Stored data entries:
______________________________

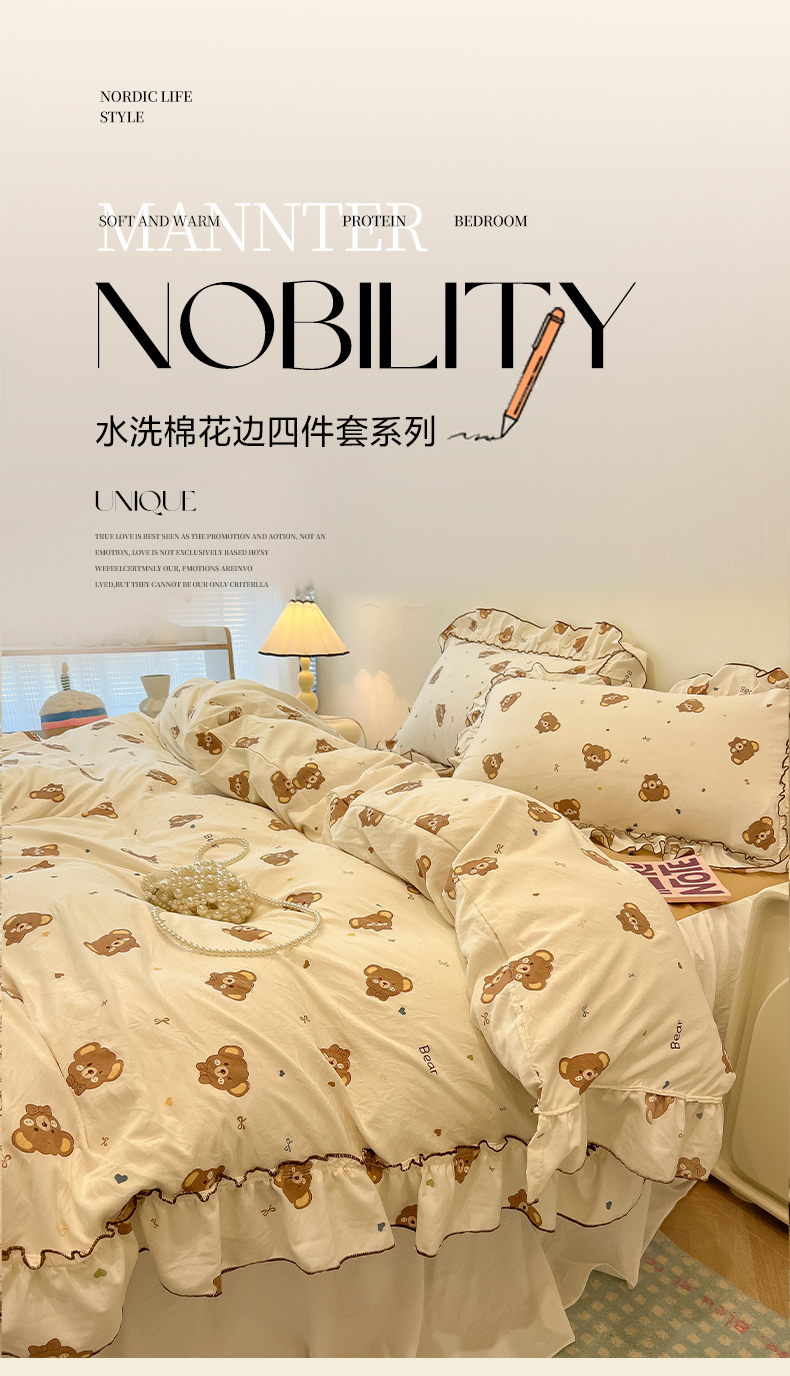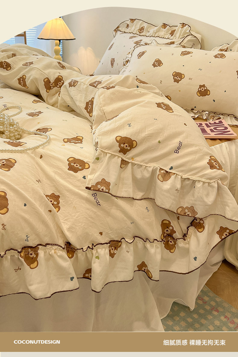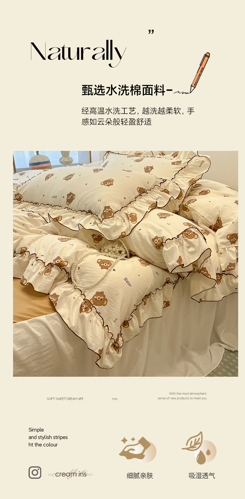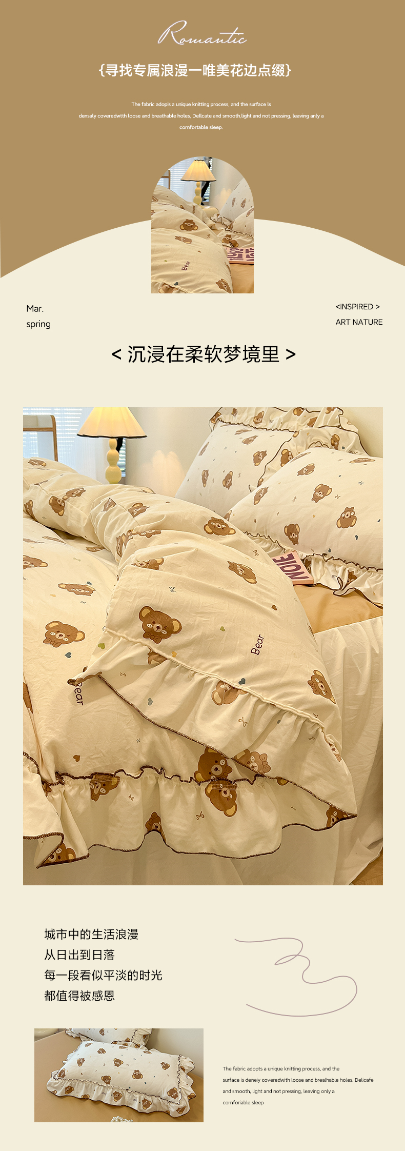 当前位置: 91家纺网 > 商品网购 > 床品套件 > 四件套 > 其它四件套 > 盼季家纺 2025新款公主风花边小清新水洗棉床上四件套床单被套床裙三件套-风格一 bear小熊
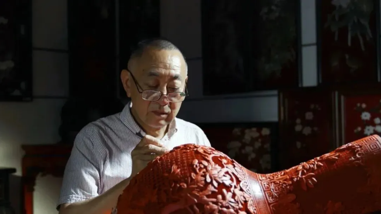 张来喜,雕漆工艺传承人,从事雕漆工作已有四十余年。
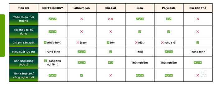 Bảng so sánh về một số tiêu chí giữa pin Coffeenergy và một số loại pin khác. Ảnh: NVCC.
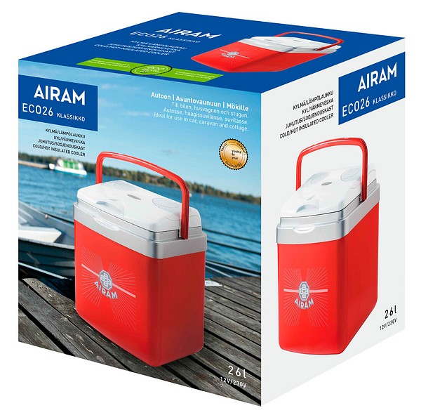 Airam ECO26 Klassikko -kylmälaukku toimii sekä 12 V että 230 V jännitteellä ja tarjoaa jopa 60 % energiansäästön ECO-asetuksella. Nopea jäähdytys mahdollistuu kahdensuuntaisen tuuletinmoottorin ansiosta, ja kylmätila säilyy tehokkaasti polyuretaanieristyksen avulla. Jäähdytys ECO-asennossa 8–14 °C ja MAX-asennossa jopa 18 °C alle ympäristön lämpötilan. Tilavuus 26 litraa, sopii 1,5 litran pulloille pystyasennossa.
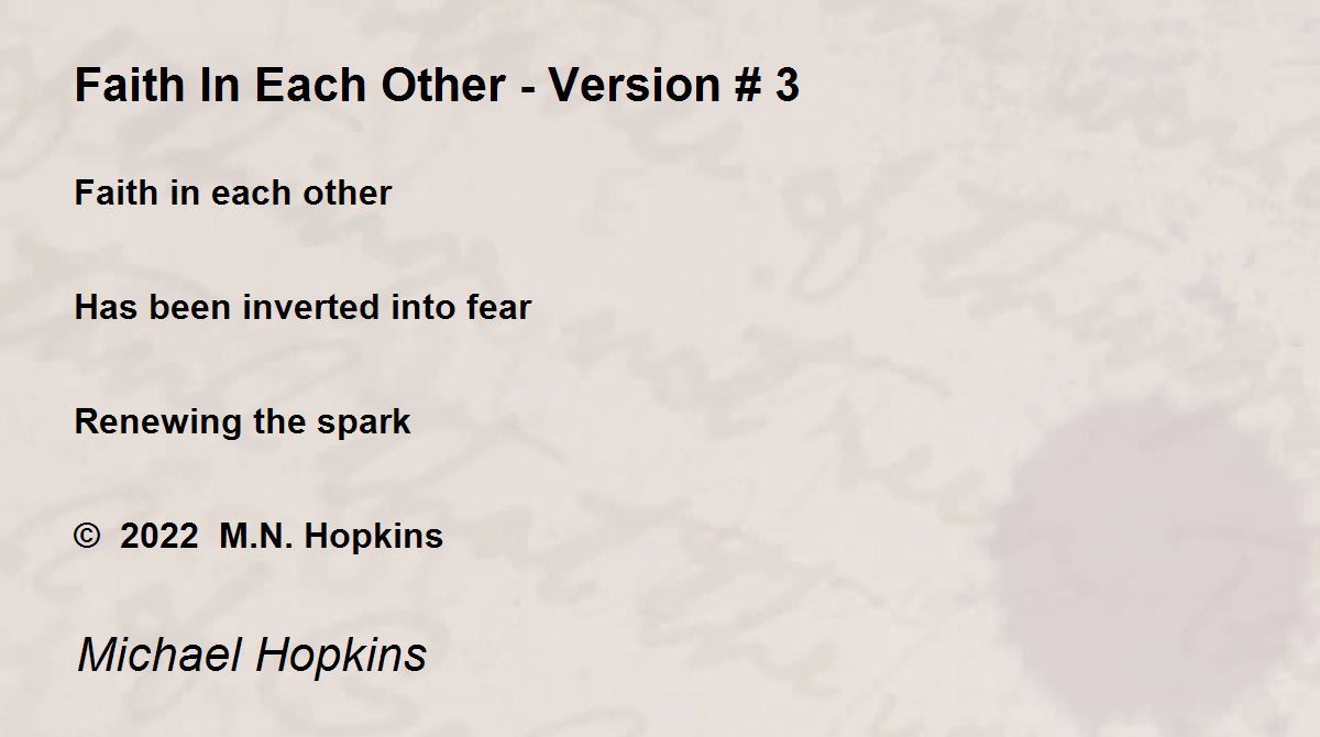 Faith In Each Other - Version # 3 Poem by Michael Hopkins
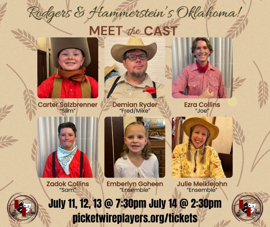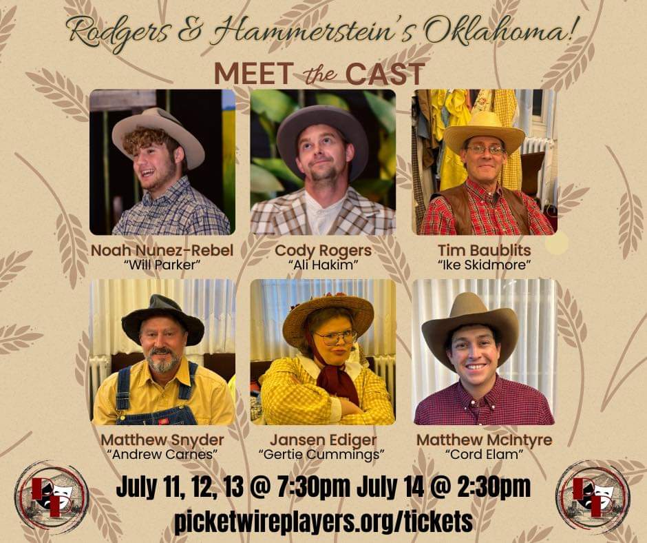 Description: Meet the Cast of Picketwire’s Oklahoma opening this week. Production dates July 11, 12, 13 at 7:30pm and July 14 at 2:30pm.
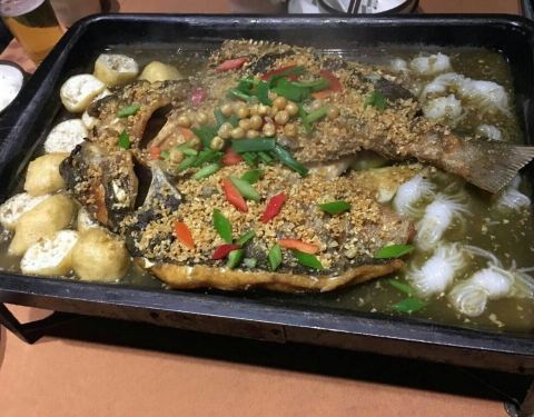菜的口味融合了本地特色和泰式风味。爱吃鱼江景餐厅,景色不错,停车方便,看夜景很合适。还算可以
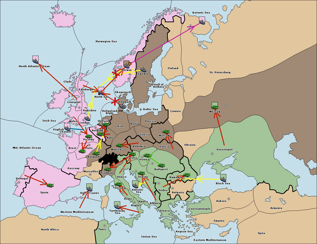 The fleet at Sweden support hold to Norway.
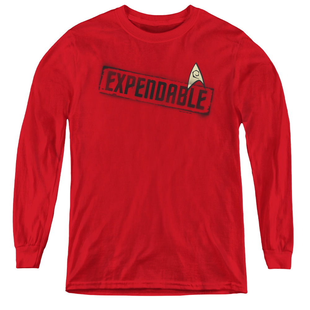 Trevco CBS1153-YL-2 Star Trek & Expendable - Youth Long Sleeve Tee, Red - Medium

______________________________

● **ACTIVITY**: Please return, exactly and with pictures omitted, the lines from the line holding "The fleet at Sweden support hold to Norway." through the end of the data above, inclusive.

● **YOUR SOLUTION**:
 The fleet at Sweden support hold to Norway.
 Trevco CBS1153-YL-2 Star Trek & Expendable - Youth Long Sleeve Tee, Red - Medium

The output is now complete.